# Boston Acoustic VS series mounting posts?



## beuoy (May 12, 2010)

Hi all,

I am trying to find mounting posts for a Boston Acoustic VS 325C. I have the wall mount bracket I just don't have the posts (that hold it to the speaker) and I can't seem to get anything to thread into the mounting ports. I remember not having them, in the box, when I first got the speaker. However I wasn't planning on wall mounting them so I didn't worry about it. Now, a few years later, things have changed.

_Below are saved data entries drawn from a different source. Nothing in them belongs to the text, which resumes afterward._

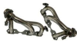
STAINLESS STEEL HEADER EXHAUST MANIFOLD For 96-01 CHEVY...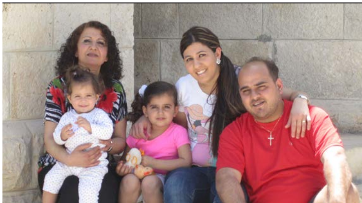
▲ One of the honored families to receive a housing gift

During a year that has seen a global pandemic of biblical proportions, the Franciscan Foundation for the Holy Land is especially grateful for the generous support from Christians around the world.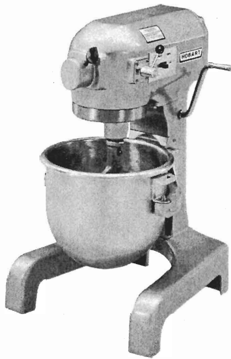
MODEL A120T MIXER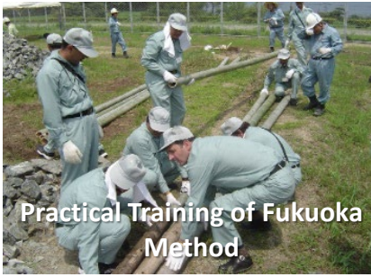
Practical Training of Fukuoka Method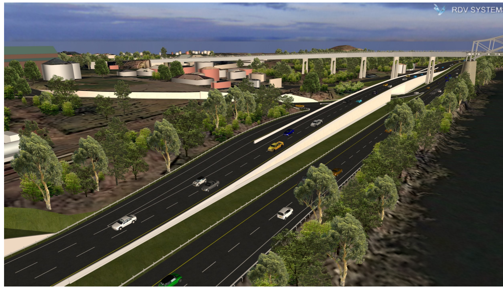
ROUTE 9 SOUTHBOUND OVER HARTFORD AVENUE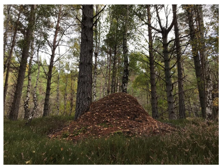
Wood ant nest within woodland surveyed as part of proposed Aviemore to Carrbridge Non-Motorised User scheme

Lot 3 - 10 A9 Dualling Environmental Steering Group Meetings were held virtually to engage with Historic Environment Scotland, NatureScot, Cairngorms National Park Authority, The Highland Council, Perth & Kinross Council, Perth & Kinross Heritage Trust, Scottish Environmental Protection Agency.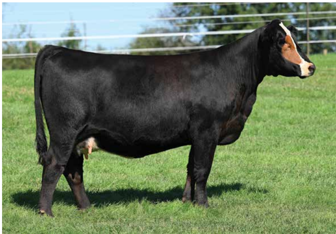
Lot 17 - MISS CCF RED EYE G89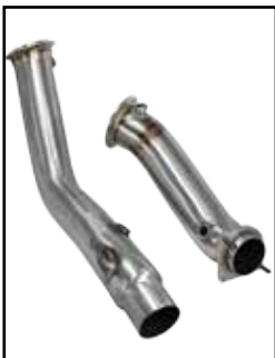
Twisted Steel Downpipes

P/N: 48-36313 (Race) 48-36312-1 (Street)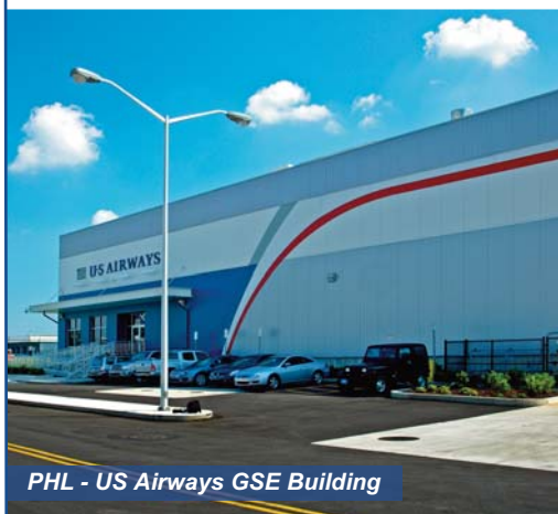
PHL - US Airways GSE Building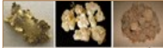
Gold Frankincense Myrrh

were given the privilege of being led to him and to worship him. He is our king and we are part of the wonderful world that he came to save.”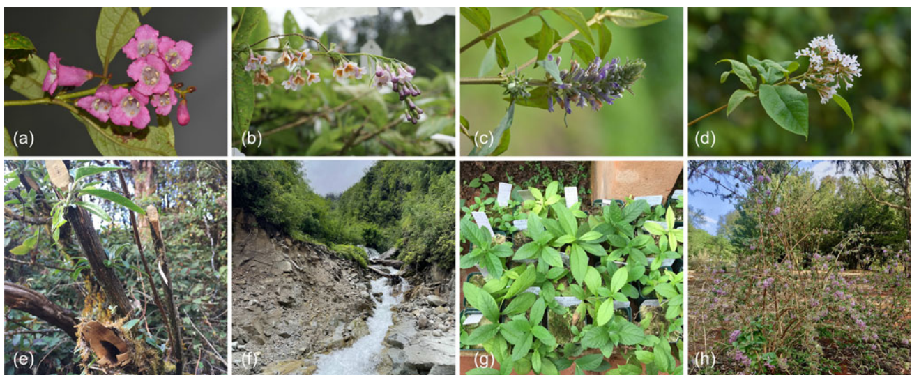
PLATE 1 (a) Buddleja colvilei , (b) Buddleja sessilifolia , (c) Buddleja delavayi , (d) Buddleja yunnanensis , (e) mature B. colvilei cut down in Ilam, Nepal, (f) loss of habitat of B. sessilifolia caused by debris flow and mudslides in the Gaoligong Mountains, Yunnan, China, (g) B. sessilifolia plantlets in Kunming Botanical Garden, and (h) living collection of B. delavayi in Kunming Botanical Garden.

Our study area encompasses the trans-Himalayan region, spanning the eastern Himalayas to south-western China (Fig. 1), including eastern Nepal and western China (Yunnan and Tibet). We first collected species occurrence records from the Flora of China (Li & Leeuwenberg, 1996), Herbarium KUN at the Kunming Institute of Botany, Chinese Academy of Sciences, the Chinese Virtual Herbarium (2023), GBIF (2023) and iPlant (2023). Using the distribution information from these sources we selected 12 locations that together represent almost all known sites of the four species. We conducted field studies over 13 years (2010–2022) to obtain comprehensive data on the four species, following the recommendations for field investigations of Plant Species with Extremely Small Populations (Yang & Sun, 2017; Yang et al., 2020). Our field study did not include the populations of B. colvilei in Bhutan and India, mainly because of geographical barriers and feasibility constraints.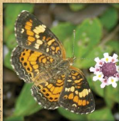
Phaon Crescent Phyciodes phaon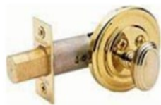
Dead Bolt / Thumb Turn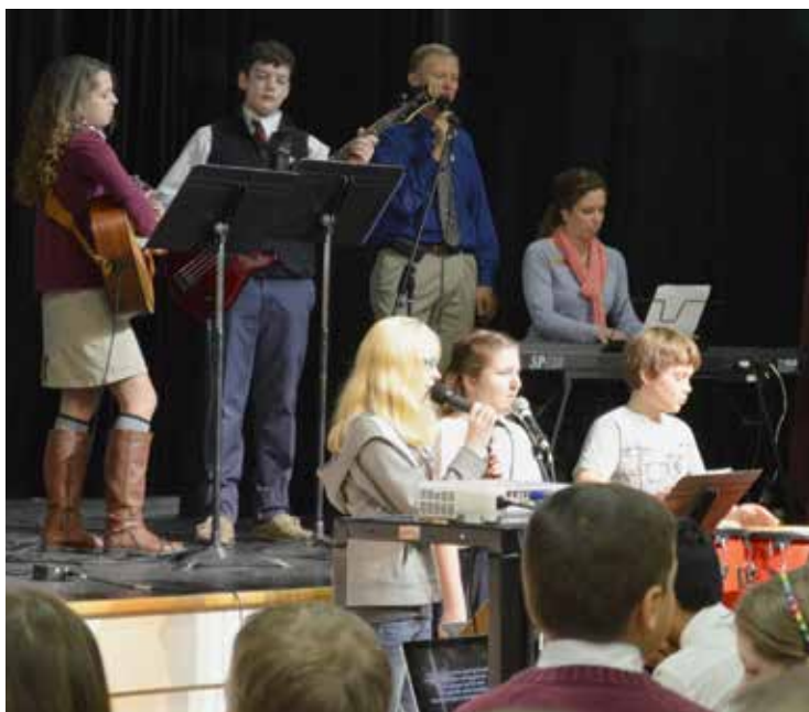
The Chapel Worship Team leads praise singing.

If I can just get the specs. for the posts I can either make them or find a suitable alternative. I've tried every thread pattern I can imagine and nothing holds well enough for me to trust it. Even tried to pull one of the drivers to get a glimpse at what I'm dealing with but they are glued in. Besides, it's too nice a speaker for me to hack.:yikes: 

Just hoping someone can point me in the right direction.

Thanks,
Ken


----------



## tonyvdb (Sep 5, 2007)

Hi Ken,
Have you tried contacting either the place where you bought the speakers or Boston Acoustics themselves? I'm sure something can be bought that will work.


----------



## Tonto (Jun 30, 2007)

+1 with Tony. If that fails, I would get a thread guage (looks kinda like a key, a set will have multiple guages that you simple slide into the hole. The one that matches the thread design will be the one that determines the correct thread pattern) to make sure you are getting the correct bolt.

Here is one for $3.88.

http://www.ebay.com/itm/Starrett-5-32-82-screw-thread-pitch-gages-gage-toolmaker-tool-/331427592400?pt=LH_DefaultDomain_0&hash=item4d2a9fb8d0#ht_155wt_1105


----------



## willis7469 (Jan 31, 2014)

Good points fellas. 
Try here also. 
http://www.bostonacoustics.com/US/Support/Pages/order-parts.aspx


----------